🚀 Hands-On MLOps: Deploying a Production-Ready Diabetes Prediction API on AWS
End-to-End Guide with FastAPI, Docker, Kubernetes, and Real-Time AWS Deployment Tips

🧩 1. Introduction: Bridging the Gap with MLOps
Machine Learning models, however sophisticated, are useless if they remain confined to a Jupyter Notebook. This is where MLOps steps in. MLOps is the critical bridge connecting the agility of software development (DevOps) with the iterative nature of machine learning, ensuring models are not just trained, but deployed, managed, and monitored reliably at scale.

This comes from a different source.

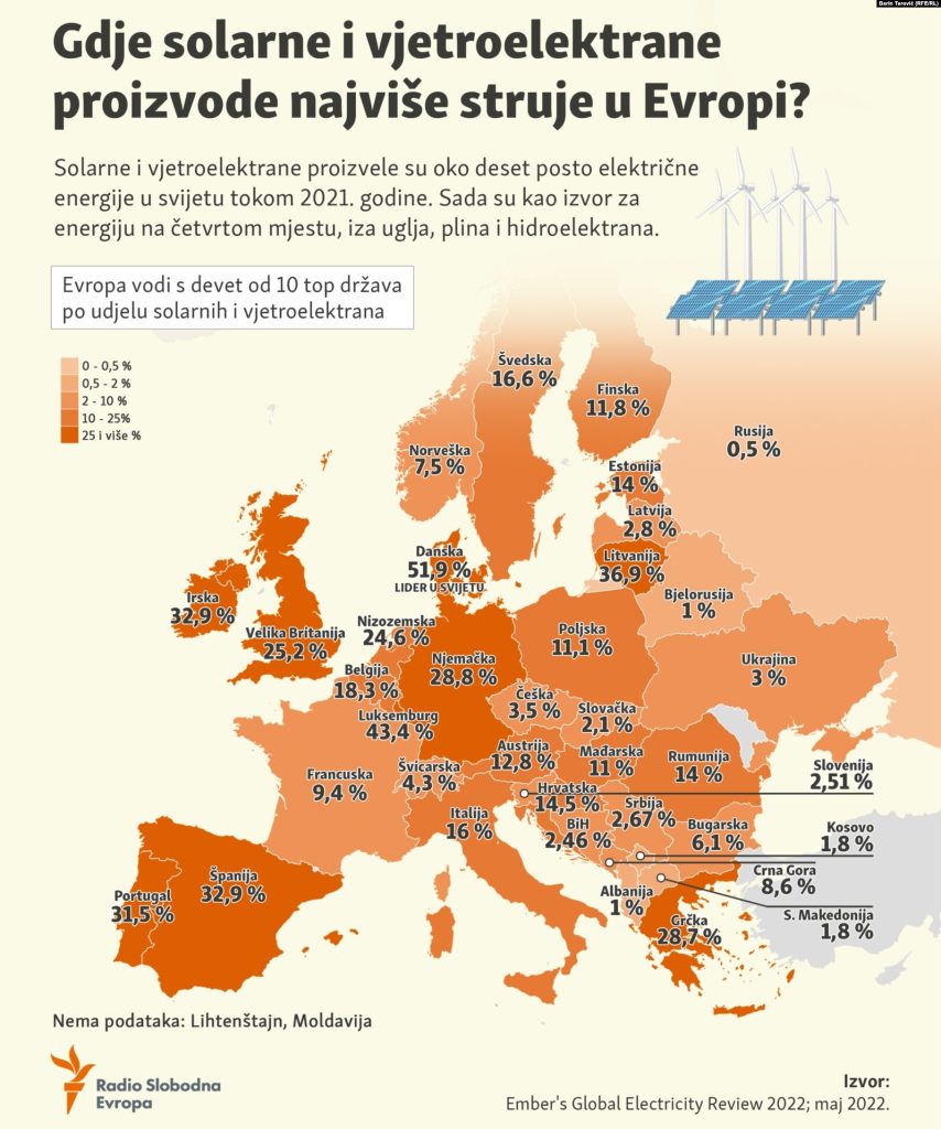 BiH trenutno proizvodi tek oko 2,5 posto električne energije koristeći potencijal sunca i vjetra. Zemlje poput Španije i Portugala, sa druge strane, proizvode više od trećine električne energije iz ovih izvora.

Deploying ML models in a real-world, automated environment requires robust infrastructure, continuous integration/delivery (CI/CD), version control, and comprehensive monitoring.
This blog post is a deep dive into my hands-on project: building an end-to-end MLOps pipeline on AWS for a diabetes prediction system. I’ll walk you through how I leveraged powerful cloud and open-source tools to create a scalable, automated, and cost-efficient ML workflow.
Machine Learning models are powerful — but deploying and managing them efficiently in production is a whole different challenge.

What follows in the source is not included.